I'll admit it. I'm a big fan of cheap wine. Yummy. Give me some Boones Farm Strawberry Zinfandel on a hot summer night, and I'll get my buzz on - and get it on good. And I used to, back in the day, enjoy a nice cigarette (or ten) with my wine. Even now, every so often, I'll get a craving for a cigarette. Thankfully, the urge is usually cured by the smell of a heavy smoker passing by and occasionally cured by a simple, single drag on another person's gross-stick.
And not only are the two items listed in the title of this post things I have - or do - enjoy, they also compose the title of a tune by one of my favorite local punk rock bands. Darkbuster is a treat. So much fun to see live. And with songs like "The Amazing Royal Shaft," "Motown," and "Hometown Zero," they are my go-to "rock out in my car" band. They are also a great bunch of folks. As are so many of our friends who play in bands. Much of my social life involves loud music, crowded clubs, and the availability of plenty of booze. My boyfriend's band is called The McGunks - as in "Drunk McGunks." You get the picture, I think. Although my day life involves an office job, my night life involves managing my diabetes amid a bit of chaos and some temptation.

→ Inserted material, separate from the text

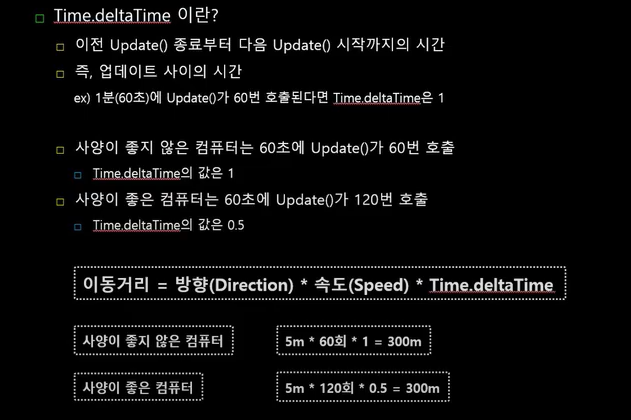 방향 값이 1 단위이고 Time.deltaTime가 곱해져 있다면, 속도 값이 1초에 움직이는 거리와 동일하게 설정된다.

So how do I manage? And how does diabetes factor into it all?
For one thing, I've realized that I'm not in my early twenties any more. I am well aware that staying up until 4:30am drinking wine straight from the bottle and not eating much of anything results in terrible bloodsugars, terrible hangovers, and terrible work ethic. Although I probably realized this in my early twenties, I was nowhere near prepared to fix it. I'm pleased that I'm no longer tempted to try that kind of silliness on a regular basis. But there are those occasions when I want a night of reckless abandon. And when the urge strikes, I usually go on ahead with it - only less on the reckless and more on the abandon. I pack my meter and some juice or glucose tabs into my super-cool bag, and make sure my pump has a fresh supply of insulin and batteries. I check out my shoes and my fishnet tights in the mirror, I apply some eggplant eyeliner and sometimes I put on a wig. I get ready to get my silly on, I get ready to get my rock on. And the preparation doesn't make the practice any less fun.

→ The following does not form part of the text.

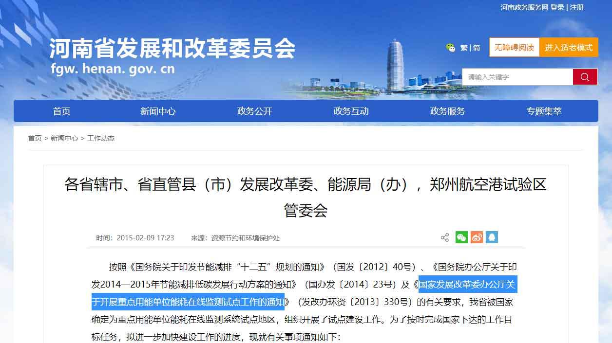 根据国家发展改革委、质检总局联合印发的《重点用能单位能耗在线监测系统推广建设工作方案》及《国家发展改革委办公厅关于开展重点用能单位能耗在线监测试点工作的通知》(发改办环资〔2013〕330号)的有关要求,加快河南省重点用能单位能耗在线监测系统平台建设,推进重点用能单位完善能源计量体系、提升能源管理精细化水平。

Typically, I test every 1 to 2 hours if I'm drinking. This can get a little more difficult as the night wears on and my blood alcohol level increases, but I do my best. I go light on the carbs before I start drinking. I stick with sweet (read: cheap) wine or high sugar cocktails. And I usually try to have in my presence at least one sober buddy who knows about my diabetes and knows what to do if things go haywire. This person might also serve as my test alarm when I've gotten past the point of no return. This is always someone that I've known for years. It is always someone who can be insistent - as in "I know the bar is closed, but my friend needs orange juice NOW. Unless, of course you want her to have a convulsion right here." Mostly, it's always someone I know I can trust. I am thankful for these guardian angels that let me have my seldom-found nights of drunken glory.
There are always questions. Accusations. Stuff. The "is that a beeper?" and the "are you even supposed to be drinking?" and the "can you have that?" If I'm not over the edge, I might try to do a little diabetes 101 - but if I'm well on my way, the askers are more likely to get a sneer and "if I couldn't have it, I wouldn't have it."

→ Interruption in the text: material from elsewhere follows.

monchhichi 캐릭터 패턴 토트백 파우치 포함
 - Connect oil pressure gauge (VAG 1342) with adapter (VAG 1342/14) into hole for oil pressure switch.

Most of the time, I'm surrounded by a circle of friends that are covered in black leather and studs, some of them have green hair, most of them are covered in tattoos, they enjoy good loud punk rock and they like their beer and their wine and their cocktails. But they understand my diabetes and they understand that I take good care of myself and they understand that I'm entitled to a break from routine now and then. They are the friends that are sure there's diet soda around on nights I'm not having alcohol and that go out of their way to tell people to mind their own business if they see that I'm feeling defensive. They get it. We might look like a motley crew, but we take care of one another. And that, I guess, is all that really matters.
Now George, when are you coming up here to meet this ragtag bunch and make me some tuna casserole?